I’m a constant conference attendee and it gives me the opportunity to meet hundreds of CTOs, CIOs, VPs, Directors, managers, engineering, DBA, DevOps – you name it! When I meet these people, my first question is usually why they have continuous integration and CD processes in place for the application code and not the database. It’s a disarmingly straight-forward and difficult to answer question.
In addressing some of the most common rationales offered in response to that basic question, I’ve come up with these 5 major differences between application continuous delivery and database continuous delivery.

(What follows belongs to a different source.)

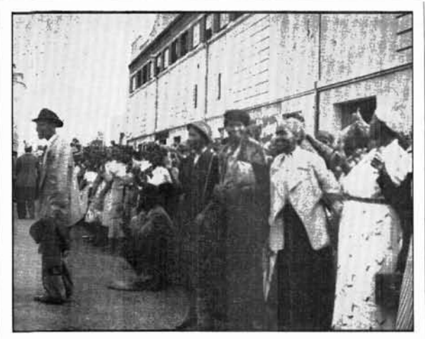
A section of the crowd of women who demonstrated against the pais laws outside the Native Commis-sioner's offices in Durban.

- Cost of fixing process errors: The cost of executing the wrong database script in production is measured in downtime or manpower hours needed by DBAs to fix the database and the data. The cost of copying the wrong version of the application binary to production, on the other hand, is measured in seconds or minutes that it takes to copy the correct version of the binary.
- Automation processes in place: Most organizations are using application release automation tools or home grown scripts already which means they have some level of automation to handle the deployment of the application binaries. When it comes to the database, however, they usually don’t have a similarly reliable infrastructure to automate the database delta scripts.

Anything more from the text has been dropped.